Just as I was having this mindless thought people began to run out into the field and collect the stringy fabric of my mind as if picking up a lost cargo of fruit fallen from the gaping rear of some passing lorry. The people jumped jubilant off the back of their truck which resembled the rickety wooden boat their parents had once illegally set sail in and before I knew it, a great deal of my mind had been swept up and carted off by eager bargain hunters and thieves, to market or their own homes I could not be sure. They sped away pleased at their day's gatherings as they were the hunters and they were the thieves.

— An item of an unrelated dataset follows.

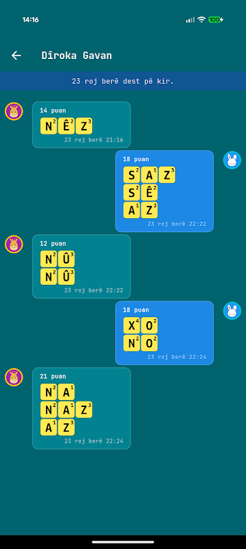 Scrabble curdo. Puoi giocare contro persone a caso o aggiungere amici e giocare contro di loro.

There sat I with my corpse and the rotting remains of what once was a rabbit. There I sat frozen in thought when it occurred to me that I did not need my mind to think at all. Here I was, mindless yet still mindful because my awareness was not a product of my mind it came from my heart and breathed in my soul. I began to realise where the essence of that one rabbit had gone. I looked down to the ground beside me and saw how quickly time evaporates when we get lost in our thoughts – all that was left of the rabbit now was a small pile of sun bleach bones and a little rabbit skull; The essence of the rabbit seemed to have returned to it when it’s bones were revealed and there was no more layers to conceal it. I got up and slowly walked through the field collecting the few stringy remains of my mind and endeavoured to return to the confines of my home – the word and the act seeming more and more redundant. Over the years that followed and many have passed on now; I would often come across those fabrics and strands of my mind that had been stolen by immigrants and thieves in the field that day. I’d find them at market stalls down town by the fish and incense, in the immigrant alleys and pawn shops and sometimes, I’d even buy back a certain piece if it was a thread I had once been fond of but over all I am lighter now and find thinking without the tangled web of the matter of my mind like a quiet stroll by the calm morning sea. I felt a rain drop touch my arm and looked down on the white surface of my living flesh to see the little bubble of water resting. I smiled at it respectfully thinking what a long way it had come only to return to the start again. I lent over the ledge of wall that kept my feet out of the water and carefully tilted my limb until the raindrop fell those last couple of feet, another cycle complete.